**Task details**
Print the material below exactly as it stands, please, from its first line to the line holding "1.季副主任(中国农业机械流", with no pictures.

**Data block**
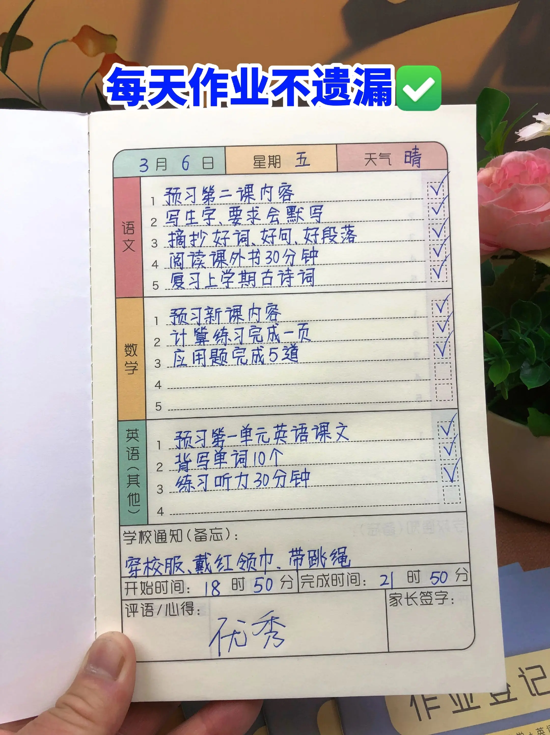 女儿一年级就养成的好习惯,用作业登记本 每天作业从没有遗漏,科目分类清晰明了,始终相信先有好习惯,再有好成绩。
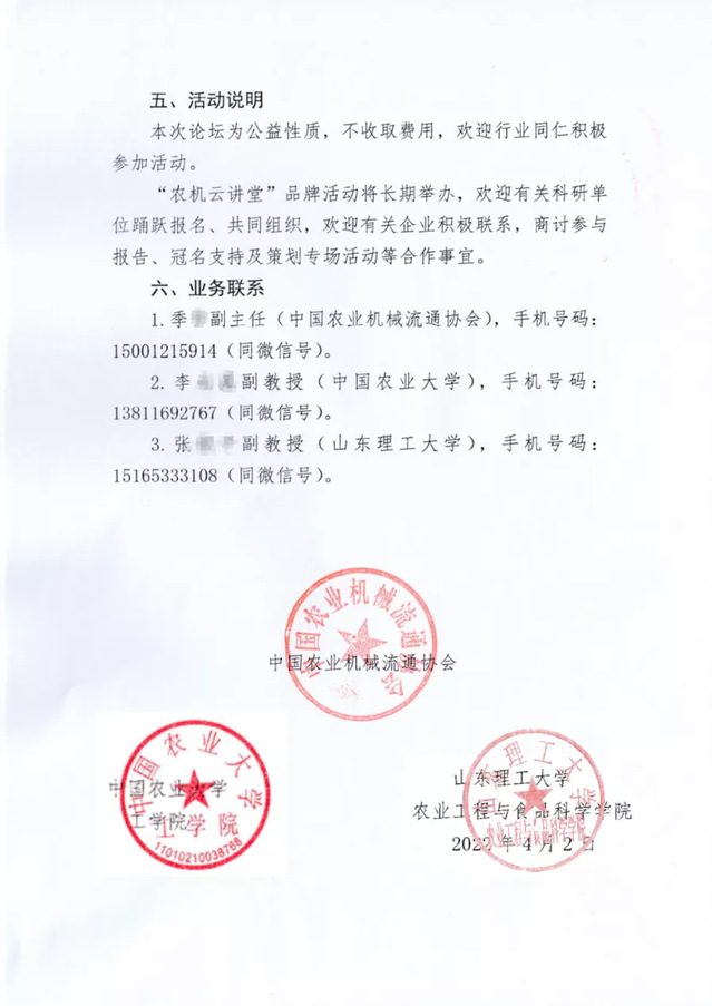1.季副主任(中国农业机械流通协会),手机号码:15001215914(同微信号)。
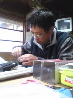 今日は工房銀のスタッフを紹介します。と、いっても工房銀のスタッフは講師と私のふたり・・・ということは私の自己紹介なのです。工房銀のメール&ブログ担当でアシスタントの奥さんです。宮岡篤子 みやおかあつこプロフィールや講師紹介ページにもあるとおり、わたくしはYOSITOさんの奥さんで車椅子なのです。教室では、銀粘土の説明や追加料金などの計算をしてます。計算は苦手なのですが・・・。メールやブログ担当のほか、パーツなどの仕入れも私がしていますよ。もちろんYOSITOさんと相談の上ですが。「こんなデザインで作りたいんですが」とか「こんなの作りたいけどパーツありますか」とか「いくらぐらいかかりますか」とかメールで気軽にきいてくださいね。自称七宝焼作家で、最新作は赤富士です。
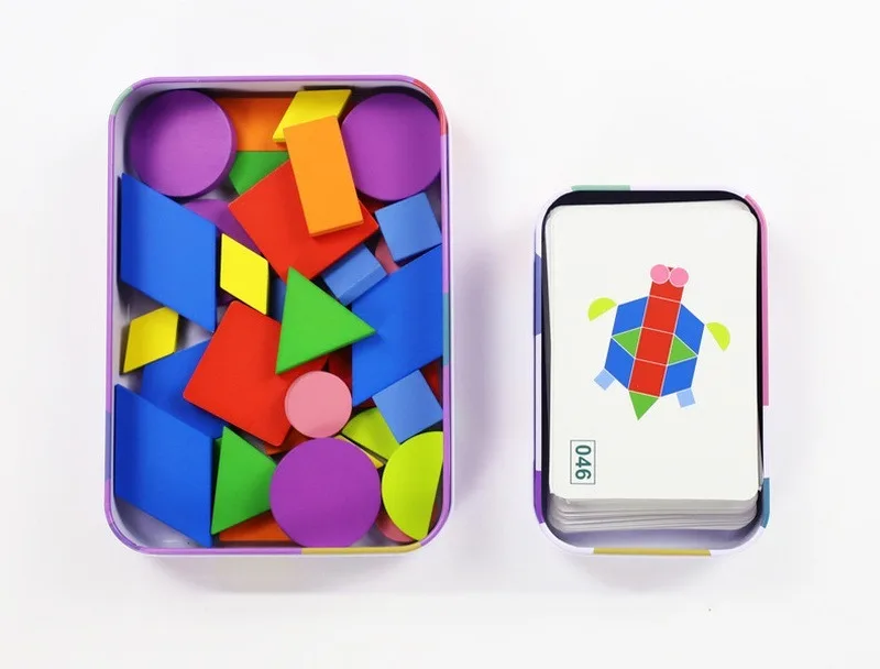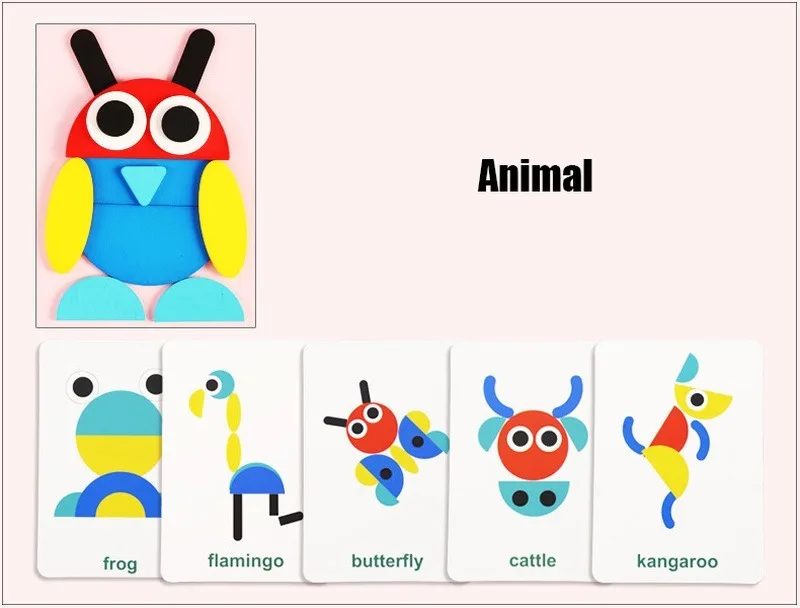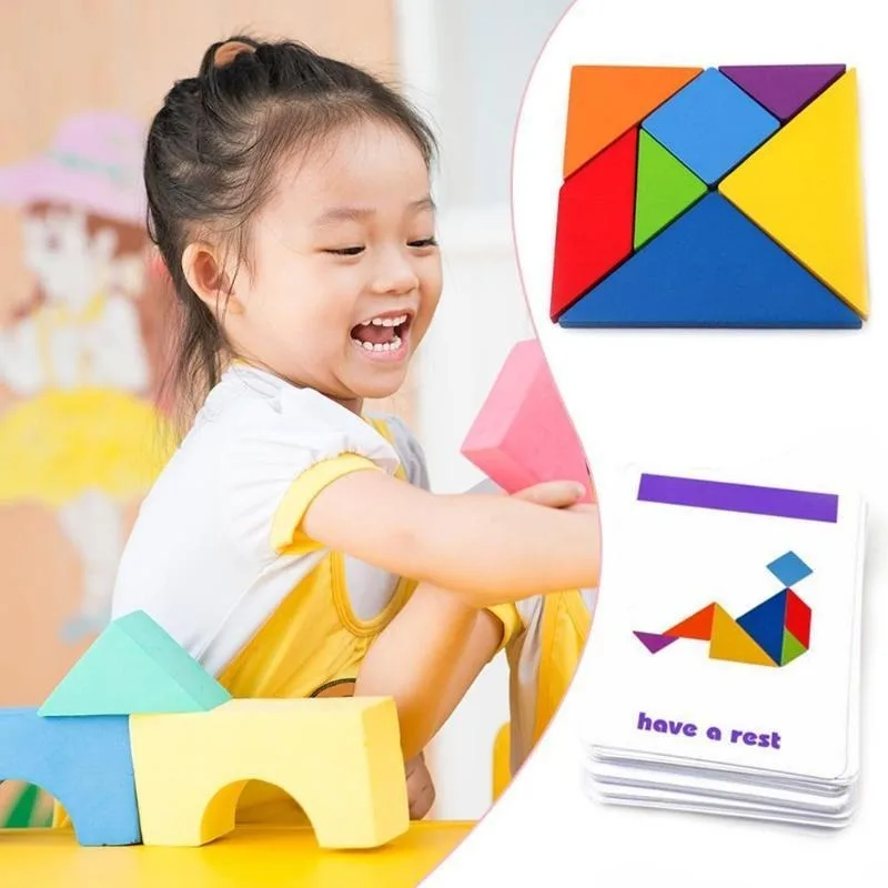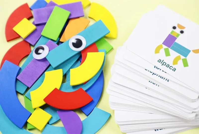 Детская деревянная головоломка с узором, разноцветная игрушка Танграм, Монтессори, Игрушки для раннего обучения детей, развивающая игрушка

**Your response**
 女儿一年级就养成的好习惯,用作业登记本 每天作业从没有遗漏,科目分类清晰明了,始终相信先有好习惯,再有好成绩。
1.季副主任(中国农业机械流通协会),手机号码:15001215914(同微信号)。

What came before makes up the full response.